4

I am having documents with an attached sparse vector like this:

{
 "_id" : ObjectId
 "vec" : [ 
    {
        "dim" : 1,
        "weight" : 8
    }, 
    {
        "dim" : 3,
        "weight" : 3
    }
  ]
}

I am trying to get the normalised dot product with an input vector of the same format and all documents in the collection. I can accomplish it with this quite cumbersome aggregate query, but I am wondering if there is a more efficient method.

[
  {$unwind: "$vec"},
  {$project: {
    squareWeight: {multiply: ["$vec.weight","$vec.weight"]}, //for the norm
    dim: "$vec.dim",
    weight: "$vec.weight"
    inputVec: {$literal:[{dim:2,weight: 5},{dim:5, weight:2}]} //input vector
  }},
  {$project: {
    dim: 1,
    squareWeight: 1,
    scores: {
      $map: { //multiplying each input element with the vector weight
        input: "$inputVec"
        as: "input"
        in: {$cond: [
          {$eq: ["$$input.dim","$dim"]},
          {$multiply: ["$$input.weight", "$weight"]},
          0
        ]}  //in
      }  //map
    }  //scores
  }},  //project
  {$unwind: "$scores"},
  {$project: {
    scores :1,
    squareWeight: {
      $cond: [{$eq: ["scores,0"]},0,"$squareWeight"]] //to avoid multiple counting
    }
  }},
  {$group: {
    _id: "$_id",
    score: {$sum: "$scores"},
    squareSum: {$sum: "$squareWeight"}
  }}
]

I now can calculate the normalised result by taking score/(sqrt(squareSum) * ||inputVec||)

This feels not like the most efficient way so I am looking for improvements.

Thanks.

  • 1
    I think that's the way to do it.
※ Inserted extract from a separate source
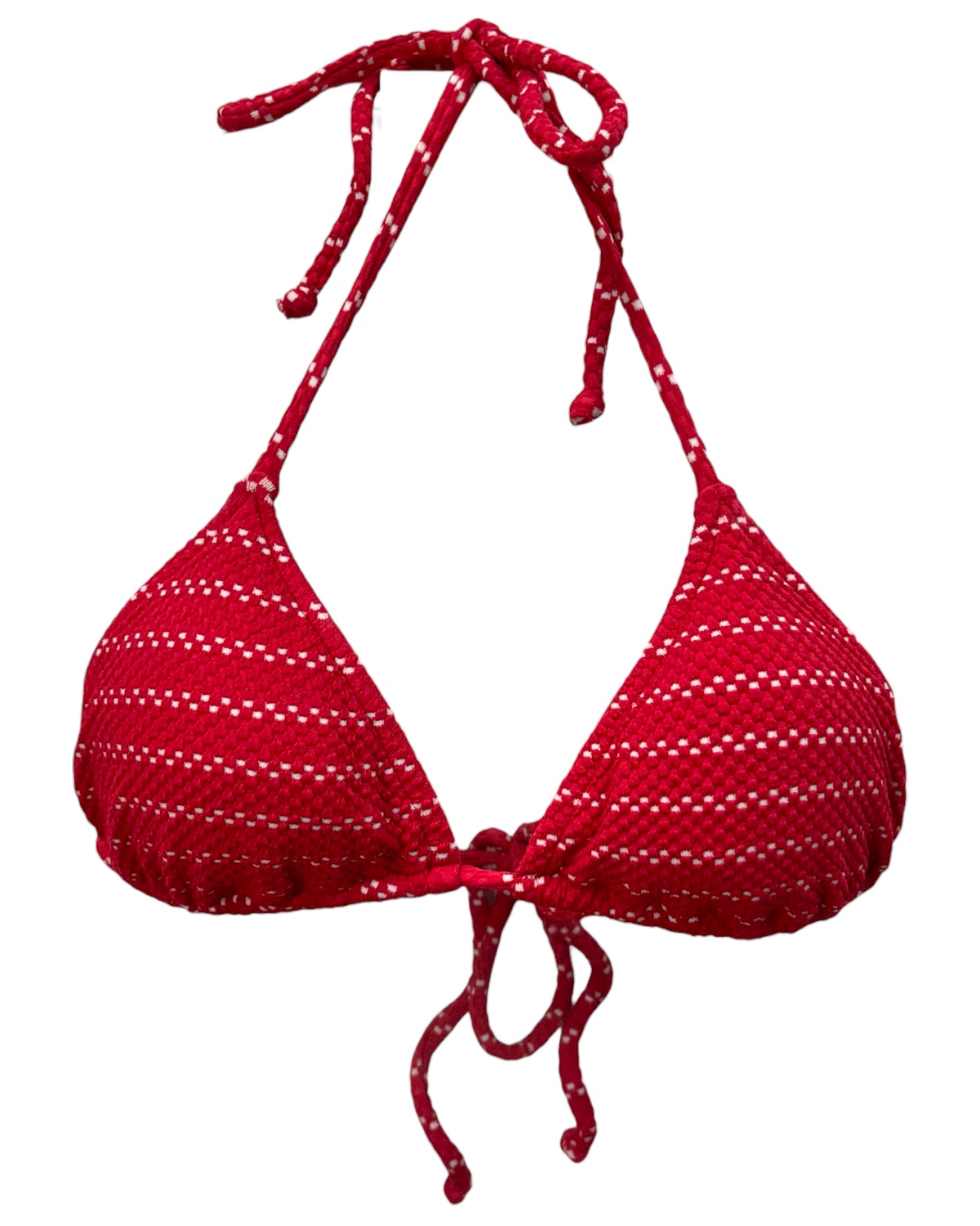 Top de biquíni modelo cortininha com bojo removível e amarração no pescoço e nas costas. Confeccionado em tecido com textura. Sua superfície apresenta leve relevo formando desenho em listras brancas. É um tecido confortável, sedoso e com elasticidade.

I agree it's not pretty but your use case is on the margins of the aggregation framework's area and several operators outside would have to be added to make the pipeline "pretty". – wdberkeley Feb 08 '15 at 00:53
  • You mean adding operators outside by inserting helper documents to the collection? Would this be more efficient from an performance point of view? The operation doesn't need to look "pretty", but I am wondering over the most performant way of doing it. Maybe with Map Reduce instead of the aggregation or a total other way on the same DB format. Thank you. – Hans Mündelein Feb 08 '15 at 07:50
  • No, I mean MongoDB engineering would need to add more operators like `$sum`, etc. – wdberkeley Feb 09 '15 at 15:57

0 Answers0